Robert Badinter died at 95

by time news

Published9. February 2024, 11:50

France: Robert Badinter died at 95

The former Minister of Justice of François Mitterrand had supported the abolition of the death penalty in France.

Robert Badinter died at 95.

AFP

Father of the abolition of the death penalty in France in 1981, the former Minister of Justice and lawyer Robert Badinter died on the night of Thursday to Friday, at the age of 95.

The disappearance of the man who also chaired the Constitutional Council, announced to AFP by his colleague Aude Napoli, sparked an avalanche of tributes.

“A figure of the century”

President Emmanuel Macron praised X as “a figure of the century, a republican conscience, the French spirit”. “It is a landmark for many generations”, “a conscience”. “The nation has certainly lost a great man, a very great lawyer”, “a wise man”, “a national tribute will be paid to him”, declared the Head of State on the sidelines of a trip to Bordeaux dedicated to justice and the police.

“He will have devoted every second of his life to fighting for what was right, to fighting for fundamental freedoms. The abolition of the death penalty will forever be its legacy for France,” Prime Minister Gabriel Attal wrote on X, while the Minister of Justice Eric Dupond-Moretti, a former lawyer, spoke of a “ visionary Keeper of the Seals” who “leaves a void worthy of his legacy: immeasurable”.

The leader of La France Insoumise Jean-Luc Mélenchon, for his part, praised his “unparalleled strength of conviction”, remembering a being “simply luminous”.

Abolition of the death penalty

Minister of Justice under socialist president François Mitterrand (1981-1986), Robert Badinter introduced the law of October 9, 1981 which abolished the death penalty, in a France then majority in favor of this supreme punishment.

He subsequently invested, until his “last breath of life”, for the universal abolition of capital punishment.

Her father arrested before her eyes

He was born in Paris on March 30, 1928 into a Jewish family who emigrated from Bessarabia (now Moldova). His father, arrested before his eyes during the Second World War in Lyon, died during deportation in the Sobibor concentration camp, in Poland.

After studying literature and law and a diploma from Columbia University, he became a lawyer at the Paris bar and at the same time pursued a career as a university teacher.

Co-founder with Jean-Denis Bredin of a prestigious law firm, he defends personalities, big names in the press or business and occasionally pleads at court.

The origin of his fight

His fight against the death penalty finds its origins in this morning of November 28, 1972: one of his clients, Roger Bontemps, accomplice in a deadly hostage-taking, has just been executed.

This “calls into question your view of justice. I swore to myself, when leaving the Health Court that morning at dawn, that all my life I would fight the death penalty,” he told AFP in 2021.

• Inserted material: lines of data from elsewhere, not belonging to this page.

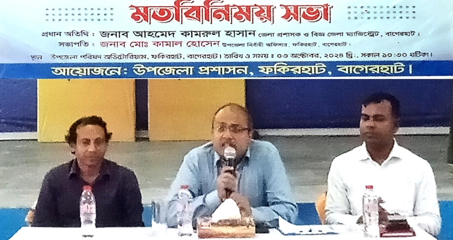 ফকিরহাট প্রতিনিধি : বাগেরহাটের নবাগত জেলা প্রশাসক ও বিজ্ঞ জেলা ম্যাজিষ্ট্রেট আহমেদ কামরুল হাসান এর ফকিরহাট উপজেলা উপজেলার সকল কর্মকর্তাদের মতবিনিময় সভা অনুষ্ঠিত হয়েছে।
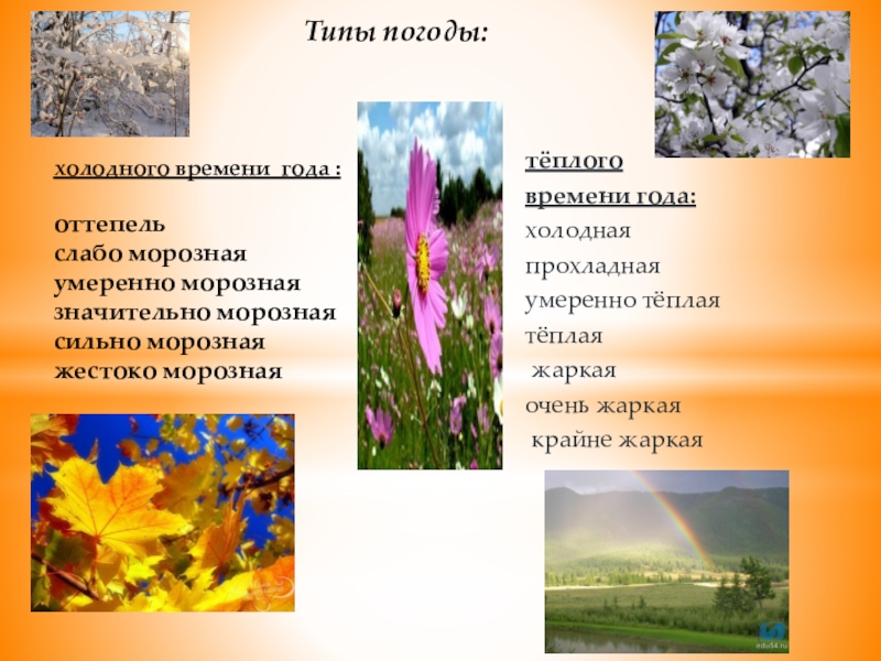 Типы погоды: холодного времени года : оттепель слабо морозная умеренно морозная значительно морозная сильно морозная жестоко морозная
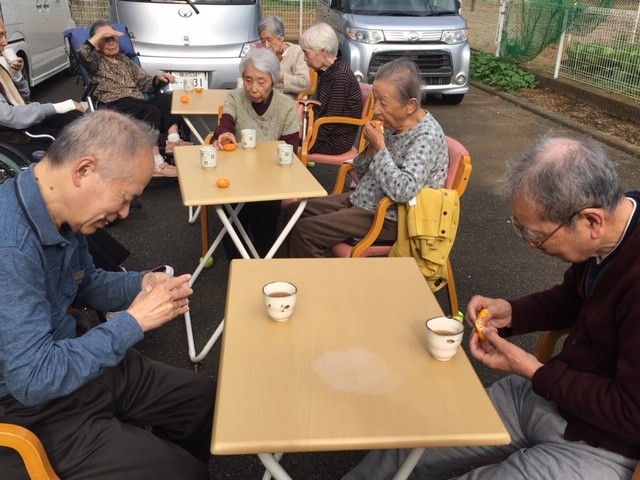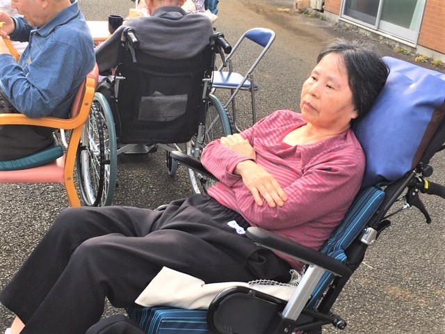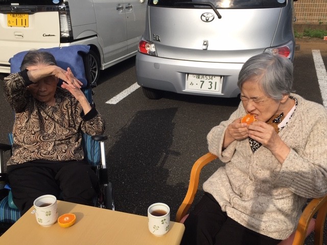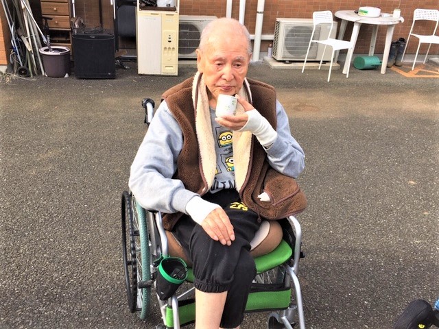 テキパキと行動開始され、普段より早めの休息を促し、2階職員へ内線。「1階外気浴準備しますので、2階の方も、降りて来て下さい」と連絡。
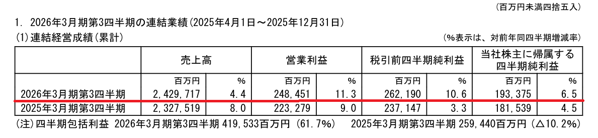 日経平均はこの日は下がってませんよ!ここ暫くは高市効果で株は全般に上がってる中で(これ自体は、私は決して評価してません)、なんでこれだけの好決算を公表して株価は下がるの?

Survivors including Patrick Henry

In 1977, he spared the death penalty for child murderer Patrick Henry, who was sentenced to life imprisonment. After that, five other men escaped the scaffold thanks to him.

This led to him being hated for a long time, for his supposed laxity towards criminals.

Three children with Elisabeth

This man with a slim figure and thick black eyebrows was married since 1966 to the philosopher Elisabeth Badinter, née Bleustein-Blanchet, with whom he had three children.

In August 1982, he voted for the decriminalization of homosexuality. To his credit also, the abolition of high security districts, access for French litigants to the European Court of Human Rights and a law on compensation for accident victims.

After his departure from the government, he chaired the Constitutional Council for nine years (1986-1995).

Socialist senator from 1995 to 2011, he had the satisfaction of seeing the abolition of the death penalty included in the Constitution in 2007.

Still very active, he is working on a reform of the UN in the 2000s and on the reform of the Labor Code during the five-year term of François Hollande.

Rain of tributes

The President of the Constitutional Council, Laurent Fabius, paid tribute to him by speaking to AFP of “a righteous man among the righteous”, who “made progress in law and humanism”.

For the first secretary of the PS, Olivier Faure, the former Minister of Justice was “more than the abolitionist who put an end to the death penalty” because “he embodied the very idea of ​​justice”.

“He will remain an example of righteousness and fairness for lawyers and our country,” Paris President Pierre Hoffmann said on X.

Marine Le Pen spoke of “a notable figure in the intellectual and legal landscape”. “We could not share all of Robert Badinter’s struggles, but (he was a) man of convictions,” added the far-right leader on Friday in a message published on X.

Robert Badinter died on the anniversary of the raid on Rue Sainte-Catherine in Lyon, February 9, 1943, during which his father was arrested.

“This singular story made him a great man, a mensch (a good man, Editor’s note), he who dedicated his life for that of all others, for human rights and freedoms,” said the Chief Rabbi of France Haïm Korsia.